The May estimate looks a little low. The prior 3m average suggests that we ought to be seeing slightly stronger employment growth. Perhaps this is the consequence of the sequestration — meaning that we would be enjoying payrolls jobs growth of ~200k/m if fiscal policy had not tightened so much in Q1.
The separate household survey reported employment growth of 319k (following +293k and -206k). It’s normal for this survey to be volatile: the 3m average (~135k) is around where you’d expect given the growth of non-farm payrolls.
As I noted above, the unemployment rate ticked up 10bps to 7.6% — which is in the bounds of unchanged (the BLS described it as ‘essentially unchanged’). I don’t think there’s much information in this development — the trend remains down.

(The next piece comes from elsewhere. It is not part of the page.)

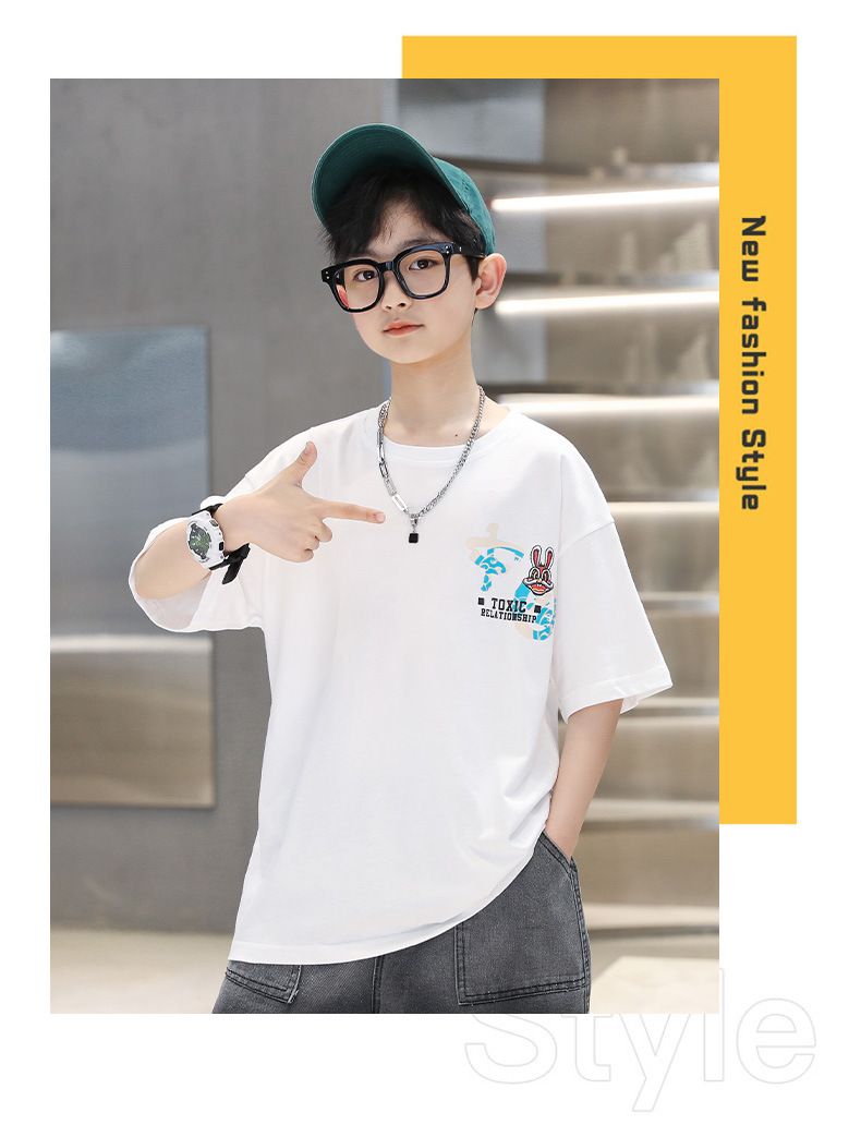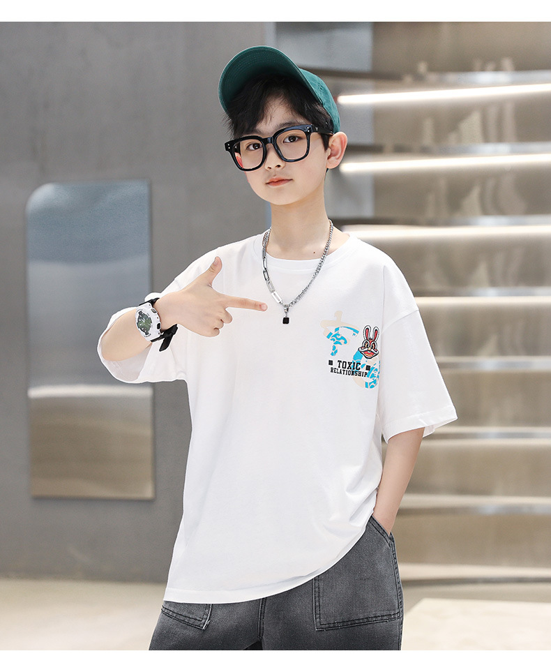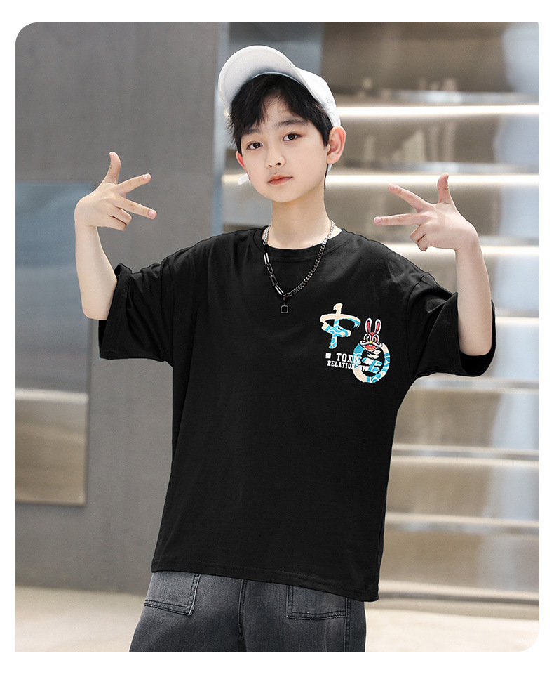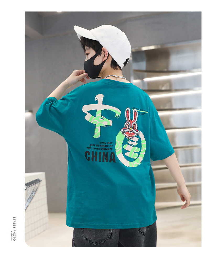 男童短袖透气吸湿纯棉T恤2023夏季新款中大童男孩短袖国潮中国兔

The details of the report are fairly upbeat — at least for the service sector. Temporary help employment, which is often a lead on more permanent hiring, continues to pick up.
The work-week was as expected, at 34.5 hours — combined with the employment growth this was sufficient to lead to a significant boost to total hours worked.
Thanks to the combination of firm hours worked, and decent employment growth, we are finally closing the hours worked trend-line (not that it’s sure we’re going back there — see below).
Hourly earnings were weaker than expected (flat v. mkt 0.2%m/m) — however the medium term story is one of (finally) rising wage pressure. You are unlikely to have a sustained deflation problem with wages rising ~2%y/y — and my guess is that the above chart (or something like it) is the reason the Fed thinks the currently low core PCE numbers are temporary.
Of course, the total non-recovery of the employment to population ratio remains the key ‘problem’ with any upbeat story … this was unchanged at 58.6% in May (up only 40bps from the 58.2% cycle-low).
This non-recovery is due, in large measure, to the decline in the participation rate. I had been of the view that this was mostly cyclical, and that a true recovery would mean an increase to ~65% … however this judgement has been challenged by new Fed research.
The Chicago Fed’s latest economic letter argues that the decline of the participation rate is mostly demographic / structural. While ~65% would be appropriate now, the participation rate is trending down due to demographic factors.
As a result, they find that so-called trend jobs growth (jobs growth required to stabilise the unemployment rate) is falling — and is likely to be ~80k / month.
If this is the case, the US economy is presently growing well above trend and tightening cannot be far away. I’m not 100% convinced, however it at least explains why the conversation has turned to tapering.
In just the first 5 to 10 minutes after the jobs number, we had 1% swing in gold, 1% swing in S&P 500, 140 pip swing in USDJPY, and a 345 point swing in Nikkei futures. If I was at the fed right now, I would worry much more about financial stability over the PCE. If only talking about ‘tapering’ (a small reduction in the monthly *expansion* of the balance sheet some months away) produces this result, we better get ready for huge volatility when the balance sheet expansion actually stops!
good summary. Have a look at what Menzies Chin says at econbrowser . He is before you on Around the traps in US section.
What do you think?
I like MC in general, and am sympathetic to his (Lazear’s) view that it is more cyclical than structural. I guess MC gets to be more agnostic on this stuff … As a fed / market focused guy, i feel the need to understand the fed, and so gave greater weight to the possibility that the PR drop is structural.
Bill Evans’ Friday column in Bus Spec said that the Fed believes most of the fall in th US participation rate is cyclical, but gave no evidence: http://www.businessspectator.com.au/article/2013/6/7/interest-rates/weekend-economist-dollar-direction-determinant
Any thoughts?
they have been publishing on this a bit — i linked to a chicago fed paper in my non-farm payrolls note that makes basically this claim. other regional feds have done similar work.
Sorry I thought you said the Fed research is saying the decline is mostly structural. (I can’t look at the linked paper at the moment as I’m download constrained.)
sorry, that was all my mis-read … yep, the emerging consensus in the US is that the drop in participation is mostly STRUCTURAL …. not cyclical. I haven’t looked closely enough at the data to have a firm view. i guess the equity market bounce is putting retirement back in reach for some, which i suppose might explain the timing of the drop.